__WHAT YOU ARE ASKED TO DO__. Locate and copy each line in the data that contains the word "Biene".

__DATA EXCERPT__.
■ ■ ■
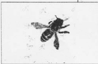
Die flügel-schlagende „animierte“ Biene ist dem Frommenhäuser Ortswappen entflohen

Teil drei unserer Serie Neues aus Rottenburg im Internet besucht die neue Homepage Frommenhausen. „Frumhusen“, so heißt es in der seit einigen Wochen abrufbaren online-Adresse, in Anspielung auf die urkundliche Ersterwähnung des Orts 1258. Begrüßt werden Besucher/innen auf der Homepage von der flügel-schlagenden „animierten“ Biene, die sich frech auf dem Geschriebenen niederläßt. Ein passendes Symbol, denn das Bienenlogo ist vom Ortswappen abgeleitet. Und auch sonst ist schön aufbereitete Abwechslung geboten. Aus privater Initiative ist die Homepage entstanden und bei der Erarbeitung des Inhalts kam von der Ortsverwaltung gute Unterstützung. „Frommenhausen im Internet“ versteht sich als Angebot, zu dem beizutragen alle EinwohnerInnen herzlich eingeladen sind.
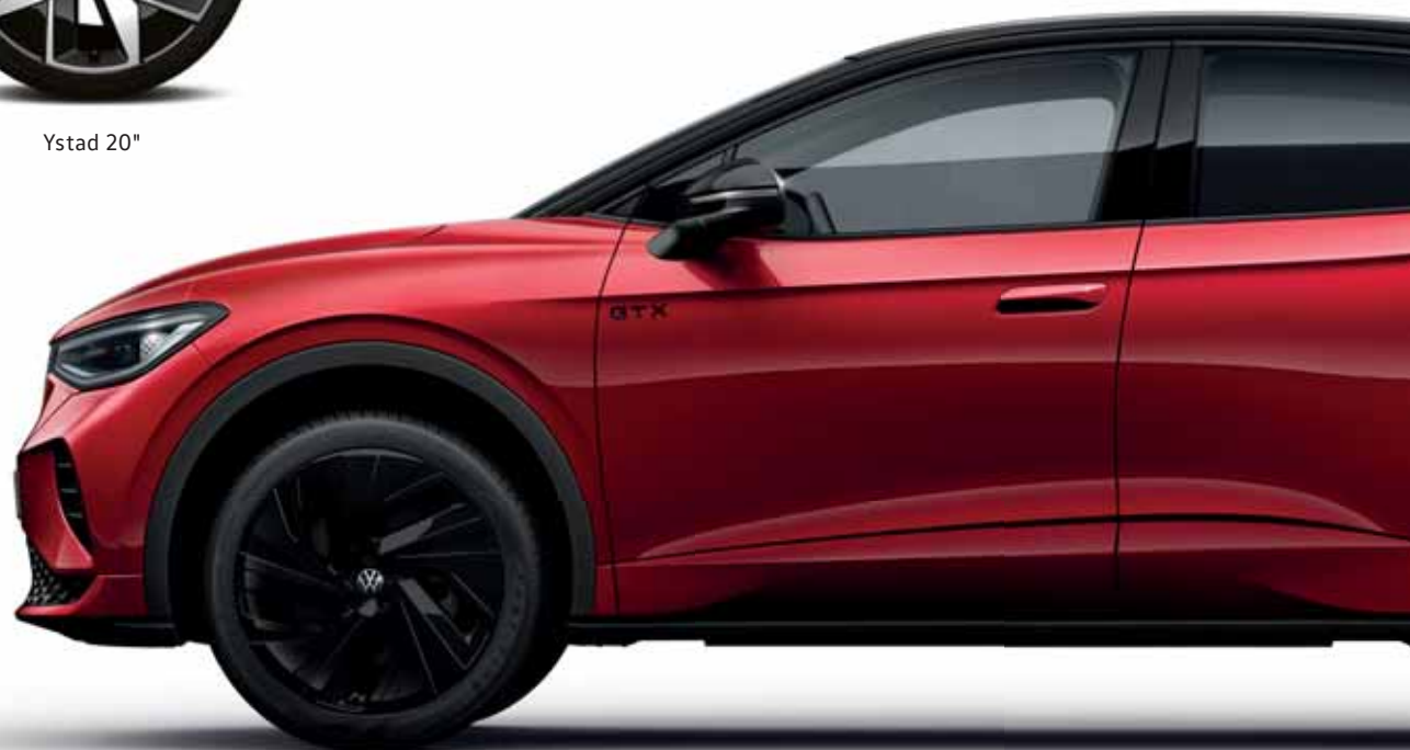
Narvik 21" blanksvarta

S Standard T Mot tilläggs kostnad - Ej tillgänglig
■ ■ ■
__RESULT OF THE EXERCISE__.
Die flügel-schlagende „animierte“ Biene ist dem Frommenhäuser Ortswappen entflohen
Teil drei unserer Serie Neues aus Rottenburg im Internet besucht die neue Homepage Frommenhausen. „Frumhusen“, so heißt es in der seit einigen Wochen abrufbaren online-Adresse, in Anspielung auf die urkundliche Ersterwähnung des Orts 1258. Begrüßt werden Besucher/innen auf der Homepage von der flügel-schlagenden „animierten“ Biene, die sich frech auf dem Geschriebenen niederläßt. Ein passendes Symbol, denn das Bienenlogo ist vom Ortswappen abgeleitet. Und auch sonst ist schön aufbereitete Abwechslung geboten. Aus privater Initiative ist die Homepage entstanden und bei der Erarbeitung des Inhalts kam von der Ortsverwaltung gute Unterstützung. „Frommenhausen im Internet“ versteht sich als Angebot, zu dem beizutragen alle EinwohnerInnen herzlich eingeladen sind.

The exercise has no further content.